### Work item
Each line below must be set down exactly; omit any image you find.

### Data section
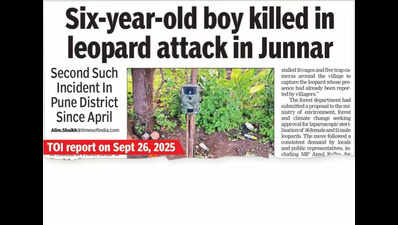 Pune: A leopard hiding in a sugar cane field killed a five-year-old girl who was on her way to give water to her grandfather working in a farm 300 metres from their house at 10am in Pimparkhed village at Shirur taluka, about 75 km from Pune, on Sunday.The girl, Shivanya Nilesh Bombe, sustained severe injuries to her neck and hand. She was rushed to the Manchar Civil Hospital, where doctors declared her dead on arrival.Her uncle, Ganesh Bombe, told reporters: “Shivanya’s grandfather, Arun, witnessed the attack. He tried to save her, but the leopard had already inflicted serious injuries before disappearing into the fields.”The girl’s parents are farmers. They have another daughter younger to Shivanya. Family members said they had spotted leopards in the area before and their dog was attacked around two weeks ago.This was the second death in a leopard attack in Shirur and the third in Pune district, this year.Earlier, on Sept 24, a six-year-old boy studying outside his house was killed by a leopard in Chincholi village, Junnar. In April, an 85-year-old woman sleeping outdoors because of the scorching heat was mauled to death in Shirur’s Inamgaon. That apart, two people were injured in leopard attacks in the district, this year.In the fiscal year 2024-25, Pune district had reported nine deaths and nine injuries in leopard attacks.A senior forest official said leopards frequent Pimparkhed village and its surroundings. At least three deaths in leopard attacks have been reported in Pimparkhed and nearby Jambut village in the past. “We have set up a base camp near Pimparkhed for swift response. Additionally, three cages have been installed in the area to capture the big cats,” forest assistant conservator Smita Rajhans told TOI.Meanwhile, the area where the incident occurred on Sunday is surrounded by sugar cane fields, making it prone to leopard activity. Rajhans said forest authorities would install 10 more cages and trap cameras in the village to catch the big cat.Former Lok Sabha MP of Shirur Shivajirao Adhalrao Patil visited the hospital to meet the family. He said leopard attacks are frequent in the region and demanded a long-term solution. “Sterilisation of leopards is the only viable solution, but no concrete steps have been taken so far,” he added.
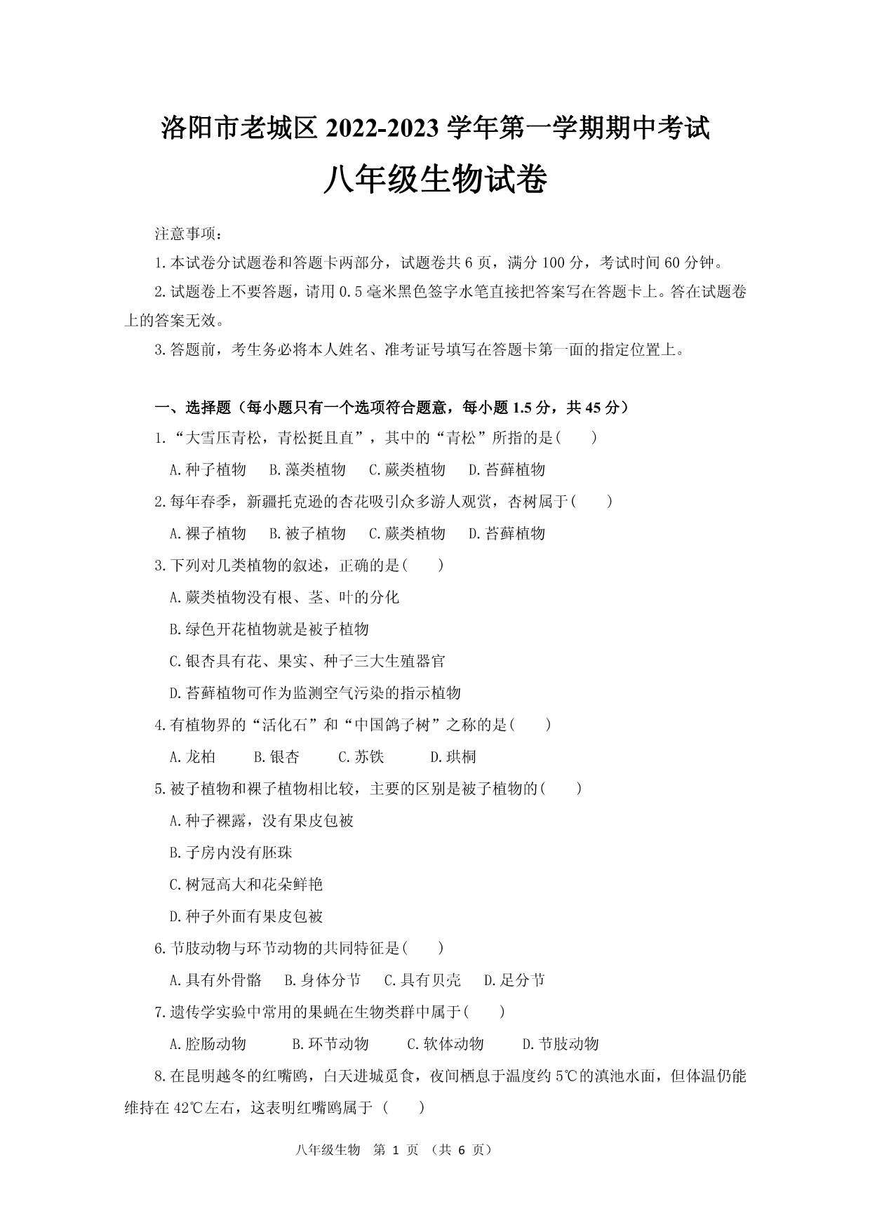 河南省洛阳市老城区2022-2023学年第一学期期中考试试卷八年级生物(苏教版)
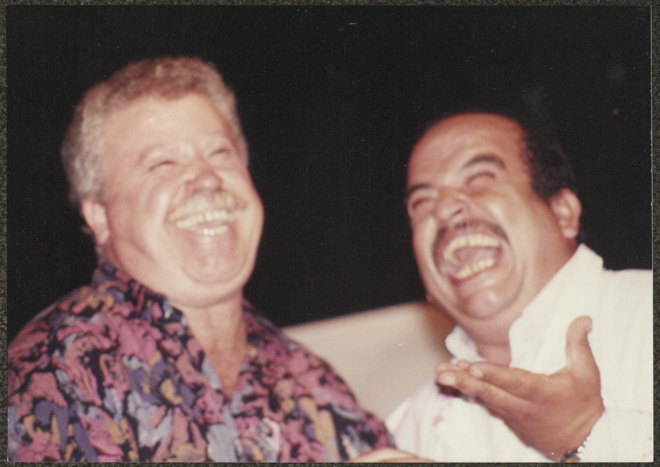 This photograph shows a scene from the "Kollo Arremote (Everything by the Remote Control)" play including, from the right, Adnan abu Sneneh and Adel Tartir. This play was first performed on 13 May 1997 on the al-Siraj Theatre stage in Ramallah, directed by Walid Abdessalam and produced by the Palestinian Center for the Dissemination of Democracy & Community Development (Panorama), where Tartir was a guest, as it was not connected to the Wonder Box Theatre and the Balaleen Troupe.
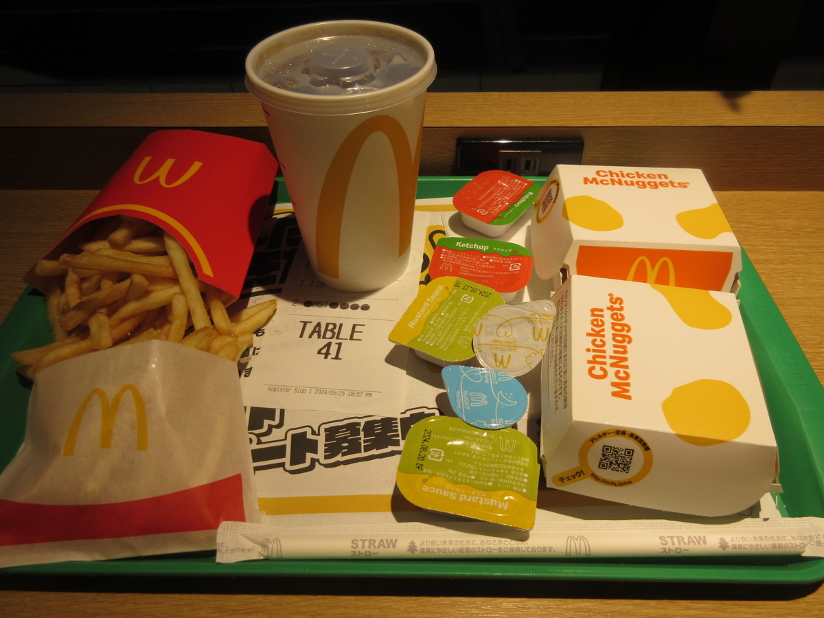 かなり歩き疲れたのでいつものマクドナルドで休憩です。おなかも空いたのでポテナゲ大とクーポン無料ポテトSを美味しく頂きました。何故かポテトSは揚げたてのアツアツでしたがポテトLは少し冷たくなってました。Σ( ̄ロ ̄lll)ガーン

### Output
 Pune: A leopard hiding in a sugar cane field killed a five-year-old girl who was on her way to give water to her grandfather working in a farm 300 metres from their house at 10am in Pimparkhed village at Shirur taluka, about 75 km from Pune, on Sunday.The girl, Shivanya Nilesh Bombe, sustained severe injuries to her neck and hand. She was rushed to the Manchar Civil Hospital, where doctors declared her dead on arrival.Her uncle, Ganesh Bombe, told reporters: “Shivanya’s grandfather, Arun, witnessed the attack. He tried to save her, but the leopard had already inflicted serious injuries before disappearing into the fields.”The girl’s parents are farmers. They have another daughter younger to Shivanya. Family members said they had spotted leopards in the area before and their dog was attacked around two weeks ago.This was the second death in a leopard attack in Shirur and the third in Pune district, this year.Earlier, on Sept 24, a six-year-old boy studying outside his house was killed by a leopard in Chincholi village, Junnar. In April, an 85-year-old woman sleeping outdoors because of the scorching heat was mauled to death in Shirur’s Inamgaon. That apart, two people were injured in leopard attacks in the district, this year.In the fiscal year 2024-25, Pune district had reported nine deaths and nine injuries in leopard attacks.A senior forest official said leopards frequent Pimparkhed village and its surroundings. At least three deaths in leopard attacks have been reported in Pimparkhed and nearby Jambut village in the past. “We have set up a base camp near Pimparkhed for swift response. Additionally, three cages have been installed in the area to capture the big cats,” forest assistant conservator Smita Rajhans told TOI.Meanwhile, the area where the incident occurred on Sunday is surrounded by sugar cane fields, making it prone to leopard activity. Rajhans said forest authorities would install 10 more cages and trap cameras in the village to catch the big cat.Former Lok Sabha MP of Shirur Shivajirao Adhalrao Patil visited the hospital to meet the family. He said leopard attacks are frequent in the region and demanded a long-term solution. “Sterilisation of leopards is the only viable solution, but no concrete steps have been taken so far,” he added.
 河南省洛阳市老城区2022-2023学年第一学期期中考试试卷八年级生物(苏教版)
 This photograph shows a scene from the "Kollo Arremote (Everything by the Remote Control)" play including, from the right, Adnan abu Sneneh and Adel Tartir. This play was first performed on 13 May 1997 on the al-Siraj Theatre stage in Ramallah, directed by Walid Abdessalam and produced by the Palestinian Center for the Dissemination of Democracy & Community Development (Panorama), where Tartir was a guest, as it was not connected to the Wonder Box Theatre and the Balaleen Troupe.
 かなり歩き疲れたのでいつものマクドナルドで休憩です。おなかも空いたのでポテナゲ大とクーポン無料ポテトSを美味しく頂きました。何故かポテトSは揚げたてのアツアツでしたがポテトLは少し冷たくなってました。Σ( ̄ロ ̄lll)ガーン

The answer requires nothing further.